The Yankees' general post-season struggles in the past several years -- except against the Twins, but more on that later -- have had plenty to do with pitching failures. More specifically: We believe starting pitching is a fragile commodity, and it is something that cannot be as easily developed (or more to the point, bought) as hitting. As such, the Yankees have chosen to overpay in the open market or via trades for several alleged top-end starters in recent years. They struck gold with CC Sabathia, the closest thing to a sure thing you can find. Mike Mussina and Roger Clemens were other very solid purchases. But examples of misses: Javier Vazquez, Carl Pavano, Kevin Brown and ... the biggest winner ... A.J. Burnett.
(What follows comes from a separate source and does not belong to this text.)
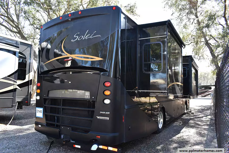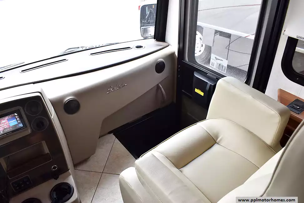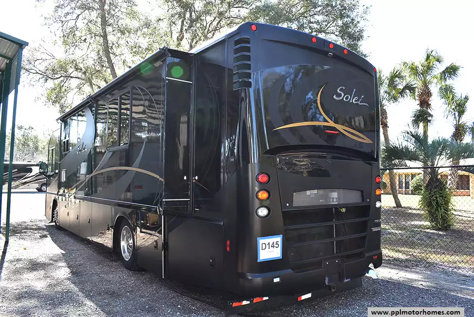 This 2016 Solei 36G has a 340hp I-6 6.7l Cummins Engine On a Freightliner Chassis, Air Bag Suspension, Exhaust Brake, 3 Slide-outs, Onan Diesel Generator, 2 Ducted Air Conditioners, Levelers, Double Door Residential Samsung Refrigerator, Automatic Main Awning And Window/Slide/Door Awnings, Washer/Dryer, Backup Camera, Satellite Dish, Outside Entertainment System, 2 TVs, Outside Shower, Fireplace, Convection Microwave, 3 Burner Range

And this is where the Yankees are bogging down. Trailing 2-1 to the Tigers in their series, the Bronx Bombers are trotting out Burnett -- he of the five-year, $82.5 million contract -- for Game 4. The Yankees paid Burnett ace (or at least high No. 2 starter) money based on numbers that didn't add up to that sum. He wasn't supposed to start in this series, but mix in a little rain ... and a couple of losses ... and now a guy with a 5-plus ERA each of the past two seasons is their final hope. The theory is the Yankees have so much money that they can afford to miss on a lot of players and still be contenders. That is true, but the misses still hurt.